L’INAIL, con l’istruzione operativa dell’1 marzo 2021, ha chiarito che il rifiuto di vaccinarsi, configurandosi come esercizio della libertà di scelta del singolo individuo rispetto ad un trattamento sanitario, ancorché fortemente raccomandato dalle autorità, non costituisce una condizione, oltre a quelle già previste dalla legge, a cui subordinare la tutela assicurativa dell’infortunato.

Il  suddetto rifiuto di vaccinarsi non può configurarsi come assunzione di un rischio elettivo, in quanto il rischio di contagio non è certamente voluto dal lavoratore e la tutela assicurativa opera se e in quanto il contagio sia riconducibile all’occasione di lavoro, nella cui nozione rientrano tutti i fatti, anche straordinari ed imprevedibili, inerenti l'ambiente, le macchine, le persone, compreso il comportamento dello stesso lavoratore, purché attinenti alle condizioni di svolgimento della prestazione.

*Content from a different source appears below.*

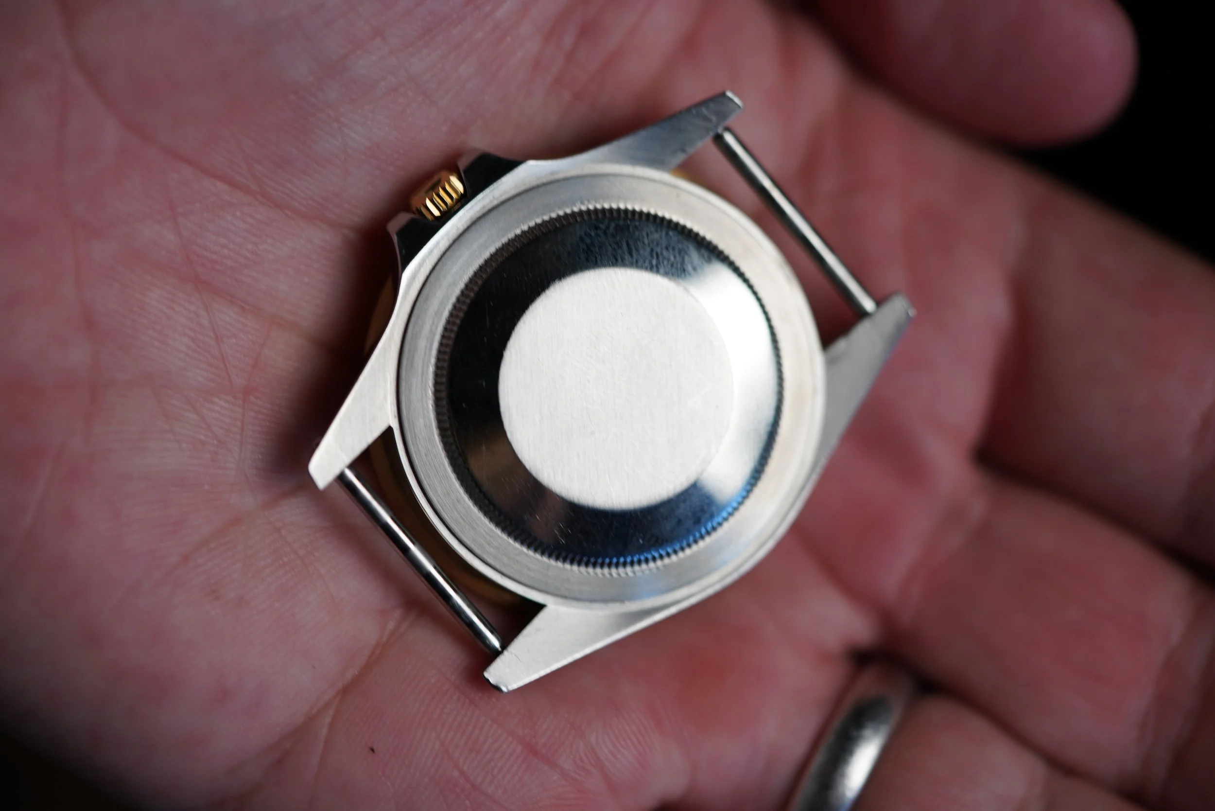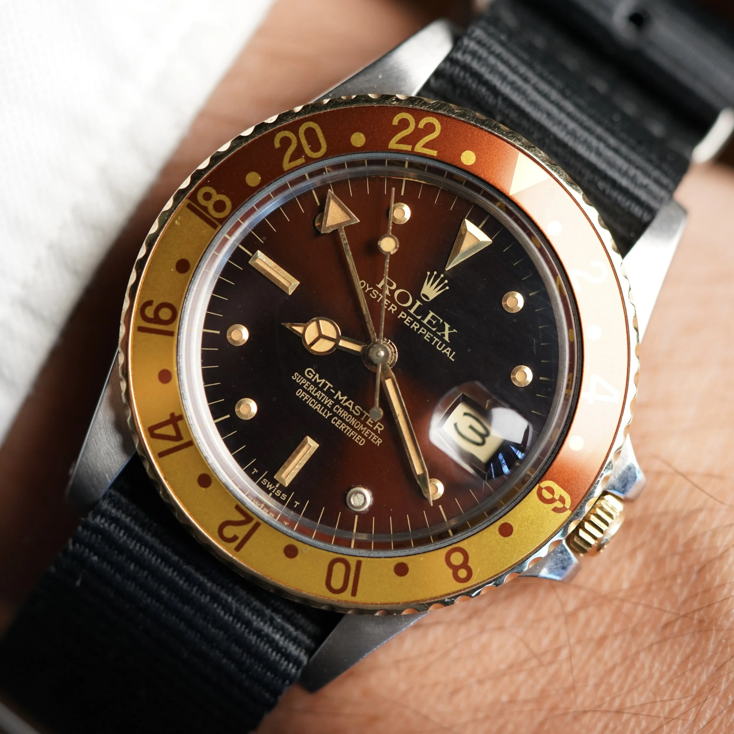 This Rolex GMT-Master reference 16753 is an awesome model which has become more appreciated by collectors in recent years. This example dates to circa 1986 with a 9.3M serial. The case has been polished. The dial is extremely attractive. It has a relumed 5 o’clock marker which is odd, but our colleague Gavin says “It’s 5 o’clock somewhere!” which we love! Perhaps that was the inspiration!.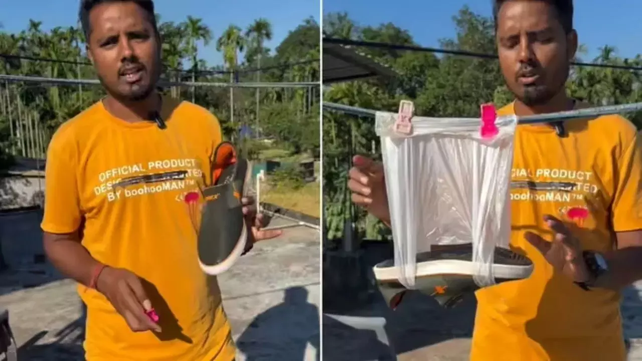 చలికాలం, వర్షాకాలంలో తడిచిన బూట్లను ఆరబెట్టడం ఒక పెద్ద సవాల్. సాధారణంగా చాలామంది బూట్లను నేల మీద పెట్టడమో లేదా గోడకు ఆనించి ఉంచడమో చేస్తారు. ఇలా చేయడం వల్ల బూట్ల లోపల ఉన్న నీరు బయటకు పోక, లోపలే తేమ ఉండిపోతుంది. కానీ ఈ వైరల్ వీడియోలో ఒక వ్యక్తి కేవలం ఒక ప్లాస్టిక్ కవర్, రెండు క్లిప్పుల సాయంతో షూస్ను అతి తక్కువ సమయంలో ఎలా ఆరబెట్టవచ్చో చూపించాడు. ఈ ట్రిక్ చూసిన వారు "ఇంత సింపుల్ ఐడియా మాకు ఎందుకు రాలేదు" అని ఆశ్చర్యపోతున్నారు.

Né, d’altra parte, si rileva, allo stato dell’attuale, legislazione in materia di tutela della salute e della sicurezza nei luoghi di lavoro, un obbligo specifico di aderire alla vaccinazione da parte del lavoratore; infatti, il D.Lgs. 81/2008, all’art. 279 riguardante Prevenzione e controllo, stabilisce che “il datore di lavoro, su conforme parere del medico competente, adotta misure protettive particolari (…)” tra cui “a) la messa a disposizione di vaccini efficaci per quei lavoratori che non sono già immuni all’agente biologico presente nella lavorazione, da somministrare a cura del medico competente”, ma non prevede l’obbligo del lavoratore di vaccinarsi.